### What is required
From the first line to the last, reproduce the records below exactly, omitting any picture.

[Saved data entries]
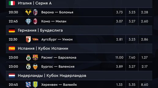 ! Как же мы могли оставить вас без расписания самых интересных матчей дня? 👀 Пусть игр сегодня не так много, но каждая из них заслуживает внимания. Особый интерес сегодня вызывают противостояния: 🇩🇪🇩🇪 Аугсбург — Унион (22:30) 🇮🇹🇮🇹...
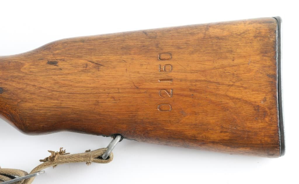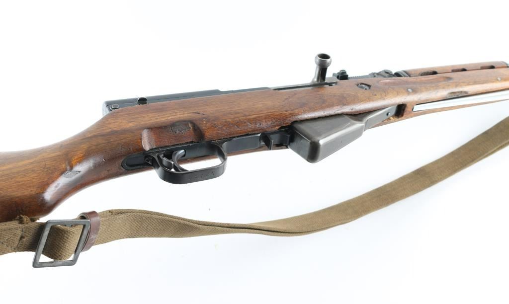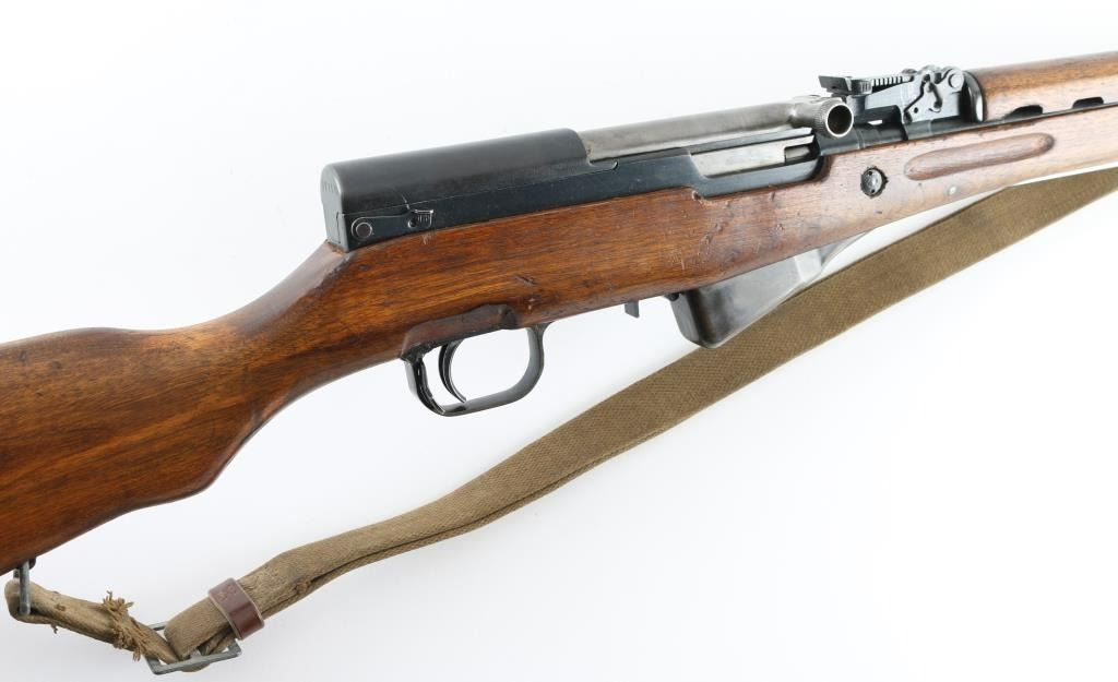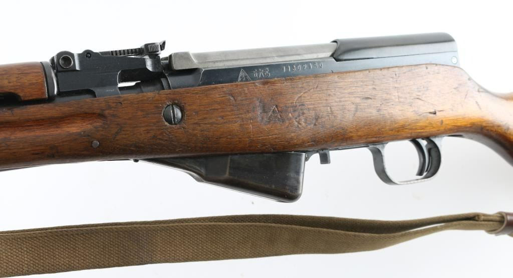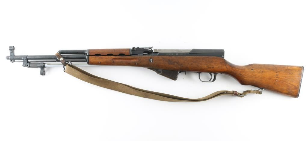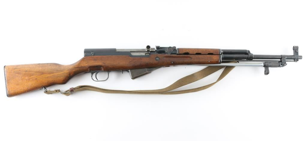 Chinese military semi-automatic service rifle chambered in 7.62x39mm, manufactured at the Jianshe Arsenal (factory 26) circa 1967. Features a blued finish, 20.25" barrel, adjustable hooded post front sight, tangent rear sight graduated to 1,000 meters, missing cleaning rod and under folding spike bayonet. It has a smooth trigger, manual safety in the rear on the triggerguard, 10 round fixed magazine, smooth laminated wood handguard, and semi-pistol grip shoulder stock with finger grooves in the forend & smooth metal trapdoor buttplate containing a cleaning kit. Matching serial numbers are found on the receiver, bolt, bolt carrier, trigger guard, stock, and magazine. Metal finish looks good showing some scattered handling marks/wear. Action is smooth, the bore looks good and the wood stocks are good but does show some wear as is to be expected. No import marks, possible Vietnam bring-back. Comes with original issue canvass sling. NRA Condition-Near Very Good. C&R Firearm
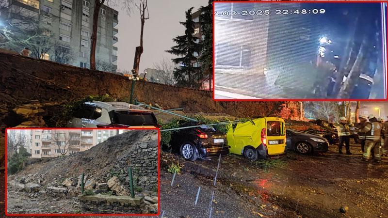 Beşiktaş’ta istinat duvarının 8 aracın üzerine yıkılması kamerada
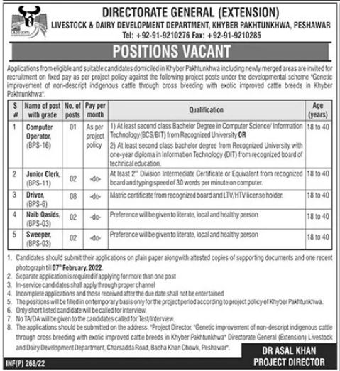 Directorate General of Livestock & Dairy Development Department Peshawar Khyber Pakhtunkhwa KPK Pakistan invites applications from eligible candidates for the post of driver, clerk, naib qasid, sweeper and computer operator as per advertisement of January 15, 2022 published in daily The News Newspaper. Candidates with Intermediate, Matric, Middle and Bachelor etc. educational background will be preferred.
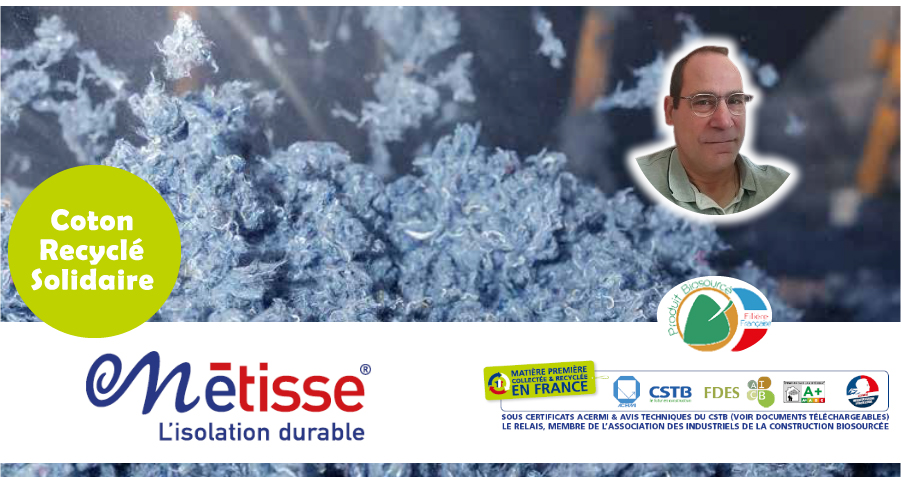 MÉTISSE majoritairement en textiles coton issus d’un circuit de collecte – tri de ~ 500 Km, répond aux conforts été/hiver en limitant les consommations énergétiques des bâtiments. De plus sa fabrication est peu énergivore.
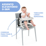 Primeira cadeira (12-36 m): ao retirar o tabuleiro e os cintos, o banco elevatório pode ser transformado numa cadeira confortável a ser colocada no chão, que pode ser usada durante o recreio ou quando se relaxa.
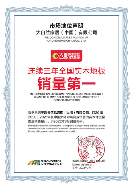 2022年3月,歐睿信息咨詢公司發(fā)布的市場調(diào)研報(bào)告顯示,在中國大陸市場全渠道銷量中,大自然實(shí)木地板從2019年至2021年,連續(xù)三年銷量第一。
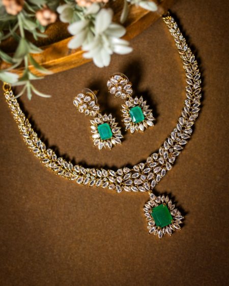 Nauheed is a stunning jewelry piece, showcasing an intricate setting of marquise diamonds that radiate elegance and sophistication. The necklace’s allure is heightened by its beautiful copper tone finish, accentuating the intricate details. The centerpiece pendant, adorned with an emerald green stone, adds a touch of luxury and opulence. Complete with a pair of matching green Diamond drop earrings, Nauheed is the epitome of refined beauty and timeless charm.
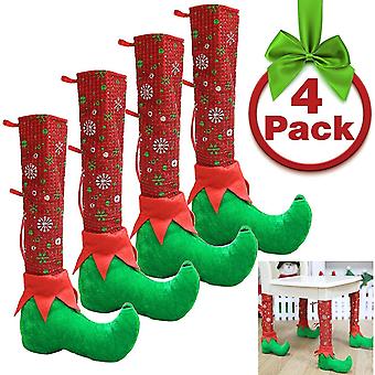 Leg Covers For Christmas Chairs - Elf Stockings And Shoes Design, Holiday Themed Dining Chair And Ta
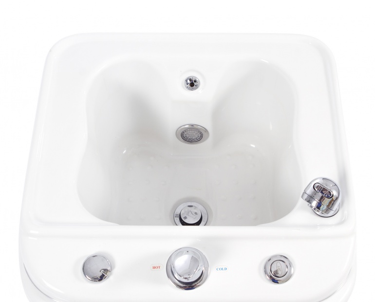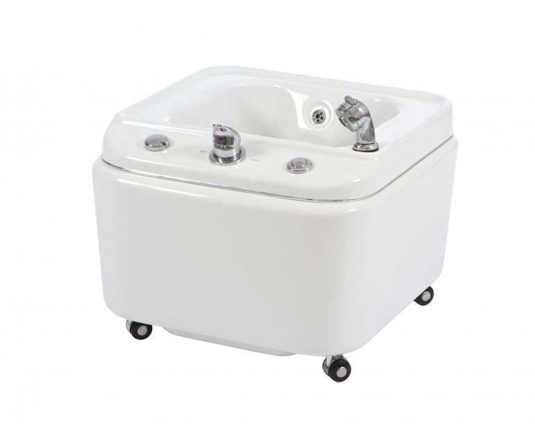 Hidromassajador com luz led e 4 rodas que facilitam a mobilidade.

### Output of the task
 ! Как же мы могли оставить вас без расписания самых интересных матчей дня? 👀 Пусть игр сегодня не так много, но каждая из них заслуживает внимания. Особый интерес сегодня вызывают противостояния: 🇩🇪🇩🇪 Аугсбург — Унион (22:30) 🇮🇹🇮🇹...
 Chinese military semi-automatic service rifle chambered in 7.62x39mm, manufactured at the Jianshe Arsenal (factory 26) circa 1967. Features a blued finish, 20.25" barrel, adjustable hooded post front sight, tangent rear sight graduated to 1,000 meters, missing cleaning rod and under folding spike bayonet. It has a smooth trigger, manual safety in the rear on the triggerguard, 10 round fixed magazine, smooth laminated wood handguard, and semi-pistol grip shoulder stock with finger grooves in the forend & smooth metal trapdoor buttplate containing a cleaning kit. Matching serial numbers are found on the receiver, bolt, bolt carrier, trigger guard, stock, and magazine. Metal finish looks good showing some scattered handling marks/wear. Action is smooth, the bore looks good and the wood stocks are good but does show some wear as is to be expected. No import marks, possible Vietnam bring-back. Comes with original issue canvass sling. NRA Condition-Near Very Good. C&R Firearm
 Beşiktaş’ta istinat duvarının 8 aracın üzerine yıkılması kamerada
 Directorate General of Livestock & Dairy Development Department Peshawar Khyber Pakhtunkhwa KPK Pakistan invites applications from eligible candidates for the post of driver, clerk, naib qasid, sweeper and computer operator as per advertisement of January 15, 2022 published in daily The News Newspaper. Candidates with Intermediate, Matric, Middle and Bachelor etc. educational background will be preferred.
 MÉTISSE majoritairement en textiles coton issus d’un circuit de collecte – tri de ~ 500 Km, répond aux conforts été/hiver en limitant les consommations énergétiques des bâtiments. De plus sa fabrication est peu énergivore.
 Primeira cadeira (12-36 m): ao retirar o tabuleiro e os cintos, o banco elevatório pode ser transformado numa cadeira confortável a ser colocada no chão, que pode ser usada durante o recreio ou quando se relaxa.
 2022年3月,歐睿信息咨詢公司發(fā)布的市場調(diào)研報(bào)告顯示,在中國大陸市場全渠道銷量中,大自然實(shí)木地板從2019年至2021年,連續(xù)三年銷量第一。
 Nauheed is a stunning jewelry piece, showcasing an intricate setting of marquise diamonds that radiate elegance and sophistication. The necklace’s allure is heightened by its beautiful copper tone finish, accentuating the intricate details. The centerpiece pendant, adorned with an emerald green stone, adds a touch of luxury and opulence. Complete with a pair of matching green Diamond drop earrings, Nauheed is the epitome of refined beauty and timeless charm.
 Leg Covers For Christmas Chairs - Elf Stockings And Shoes Design, Holiday Themed Dining Chair And Ta
 Hidromassajador com luz led e 4 rodas que facilitam a mobilidade.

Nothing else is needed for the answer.